§ Exercise instructions
Beneath this line are entries. Copy the range from the line with "IRS Form 1040" to the line with "Juegos de 13", ends included, exactly; leave pictures out.

§ Information given
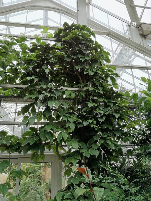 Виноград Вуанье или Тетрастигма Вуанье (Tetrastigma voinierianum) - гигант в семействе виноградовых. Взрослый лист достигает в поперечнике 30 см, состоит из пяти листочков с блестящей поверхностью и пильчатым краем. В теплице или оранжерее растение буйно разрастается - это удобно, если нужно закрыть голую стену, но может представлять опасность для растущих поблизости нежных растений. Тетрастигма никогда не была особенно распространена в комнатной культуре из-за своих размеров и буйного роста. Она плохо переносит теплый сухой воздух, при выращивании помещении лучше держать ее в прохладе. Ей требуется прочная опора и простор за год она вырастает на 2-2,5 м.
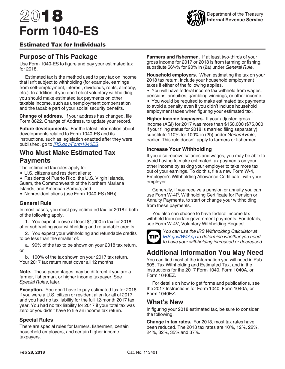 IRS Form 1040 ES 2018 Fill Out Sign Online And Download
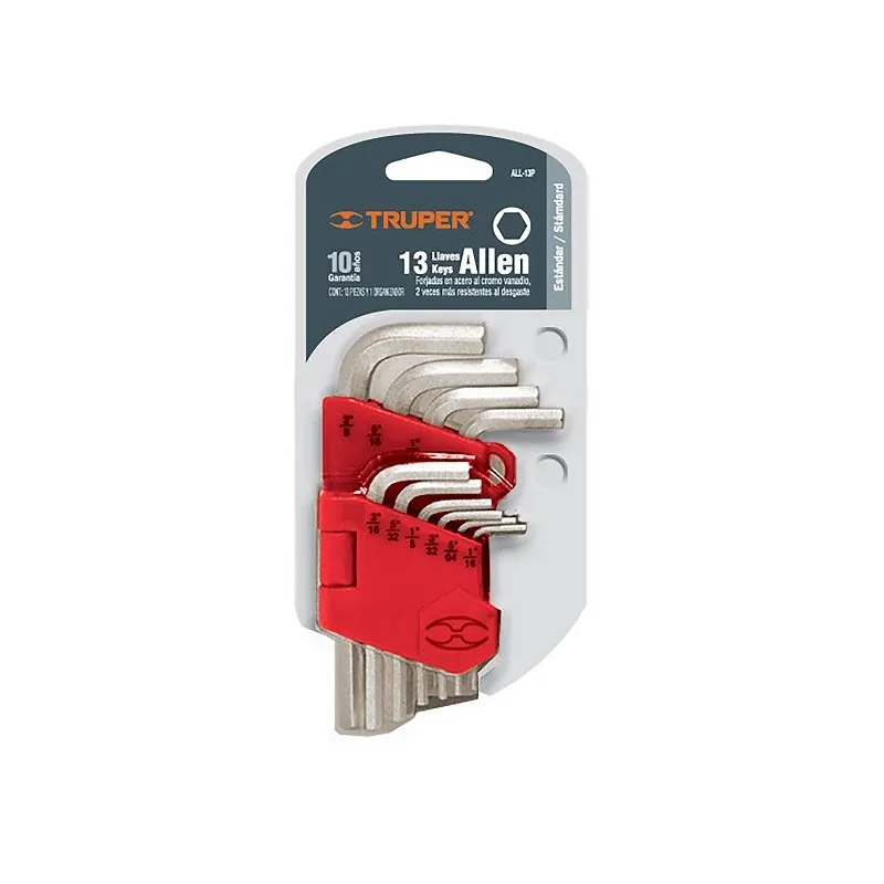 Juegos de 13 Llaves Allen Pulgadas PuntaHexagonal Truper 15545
==
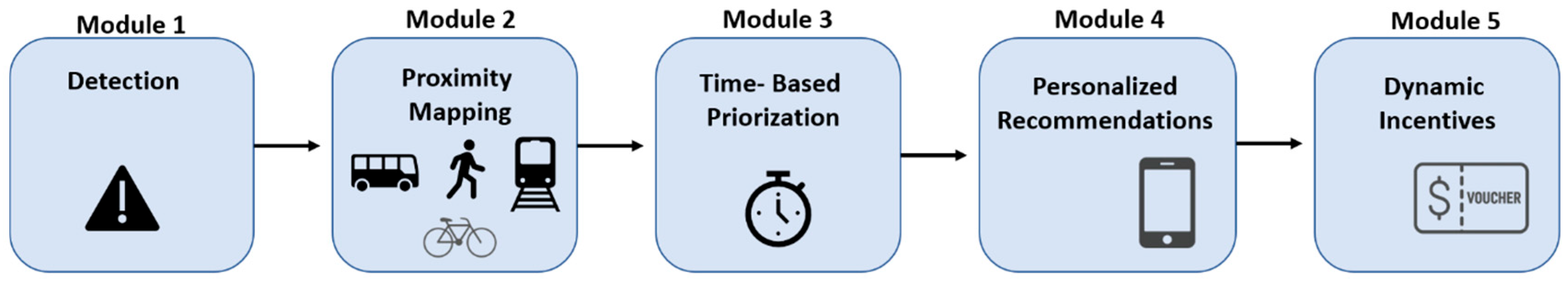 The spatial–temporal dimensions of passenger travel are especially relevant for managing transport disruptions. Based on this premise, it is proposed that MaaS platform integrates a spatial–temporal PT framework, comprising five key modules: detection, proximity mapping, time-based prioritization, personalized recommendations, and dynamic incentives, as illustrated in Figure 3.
--
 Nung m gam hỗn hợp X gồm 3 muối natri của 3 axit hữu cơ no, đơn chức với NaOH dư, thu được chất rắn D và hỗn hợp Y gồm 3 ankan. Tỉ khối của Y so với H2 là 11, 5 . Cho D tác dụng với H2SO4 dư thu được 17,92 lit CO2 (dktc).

§ Result
 IRS Form 1040 ES 2018 Fill Out Sign Online And Download
 Juegos de 13 Llaves Allen Pulgadas PuntaHexagonal Truper 15545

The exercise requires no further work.